Pro tip: Use IAM Roles for Service Accounts (IRSA) instead of hardcoded AWS access keys. Your security team will thank you, and AWS security best practices recommend avoiding long-term credentials.

Service Mesh Integration (If You Must)

istio-csr replaces Istio's built-in certificate management with cert-manager. Useful for consistent certificate policies across service mesh and ingress:

helm install -n istio-system cert-manager-istio-csr jetstack/cert-manager-istio-csr

It handles mTLS certificates for service-to-service communication. Works fine but adds complexity - only use if you need unified certificate management.

cert-manager Certificate Validation Process

What Burns Down Production (Learn From My Pain)

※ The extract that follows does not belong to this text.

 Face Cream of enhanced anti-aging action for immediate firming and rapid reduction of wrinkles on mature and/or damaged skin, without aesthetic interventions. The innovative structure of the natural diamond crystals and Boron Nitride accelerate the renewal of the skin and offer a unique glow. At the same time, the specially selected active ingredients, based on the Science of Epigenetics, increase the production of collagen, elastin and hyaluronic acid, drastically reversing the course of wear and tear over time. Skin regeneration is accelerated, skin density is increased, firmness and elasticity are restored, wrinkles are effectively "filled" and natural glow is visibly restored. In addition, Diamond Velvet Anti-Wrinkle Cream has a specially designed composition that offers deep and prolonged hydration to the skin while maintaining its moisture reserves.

Resource limits will crash cert-manager under load - the default resource limits are pathetically small. Our cert-manager died during a mass certificate renewal, took us 3 hours to figure out why:

resources:
  limits:
    cpu: 200m      # Default 100m is not enough 
    memory: 256Mi   # Default 128Mi will OOM under pressure
  requests:
    cpu: 50m       # Be realistic about CPU needs
    memory: 64Mi

Webhook timeouts kill everything - the admission webhook has a 10-second timeout that's too short when DNS is being slow. I've seen DNS-01 challenges fail because DNS propagation took 15 seconds:

webhook:
  timeoutSeconds: 30  # Give DNS time to not suck

Let's Encrypt rate limits are brutal - 50 certificates per registered domain per week. We hit this limit during a Kubernetes migration and couldn't get new certs for 3 days. Plan your certificate requests or you're fucked.

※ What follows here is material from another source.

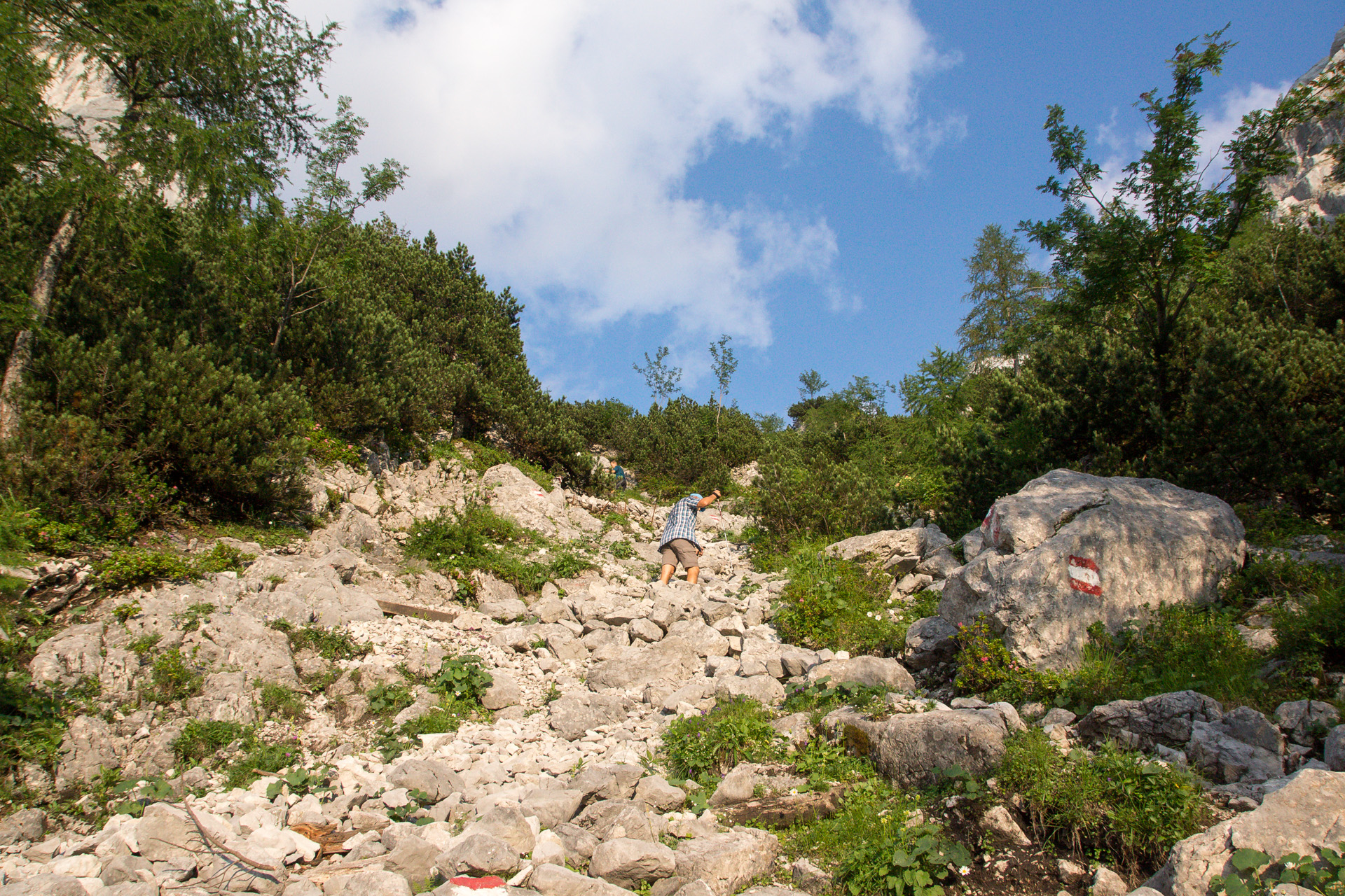 Ausgangspunkt war das Almtalerhaus (Grünau, noch weiter ins Almtal). Der erste Teil des Zustiegs verläuft über einen Forstweg bis zur Materialsailbahn. Dort konnten wir unsere Rucksäcke abgeben und erleichtert den eigentlichen Anstieg zur Welser Hütte starten. Auf einem sehr schönen Weg geht es fast 1000 Höhenmeter bis zur Hütte.

DNS propagation delays - DNS-01 challenges fail randomly when DNS changes take forever to propagate. cert-manager retries, but sometimes you have to manually kick your DNS provider. Cloudflare DNS is usually fast, GoDaddy DNS can take 30+ minutes for no good reason.

cert-manager Default SSL Certificate Issue

Monitoring (Because Things Break)

Prometheus metrics tell you when renewals fail. This alert saved my ass when our API gateway cert was about to expire during Christmas break:

- alert: CertManagerCertificateExpirySoon
  expr: cert_manager_certificate_expiration_timestamp_seconds - time() < 86400 * 7
  for: 1h
  annotations:
    summary: "Certificate expires in less than 7 days"

Monitor cert_manager_certificate_renewal_timestamp_seconds and cert_manager_acme_client_request_count to catch issues early. Set up alerts for failed renewals too - trust me, you don't want to discover cert-manager is broken when customers start complaining.

Security Hardening

RBAC permissions are overly broad by default. Version 1.18 lets you disable HTTP-01 challenges if you only use DNS-01:

global:
  disableHTTP01Solver: true

Private key storage - keys go in Kubernetes Secrets by default. For paranoid environments, use the CSI driver for ephemeral keys that never touch etcd.

Certificate approval - approver-policy adds human approval workflows for regulated environments. Slows things down but compliance teams love it.

Questions People Actually Ask About cert-manager

Why does HTTP-01 keep shitting the bed even though my ingress works fine?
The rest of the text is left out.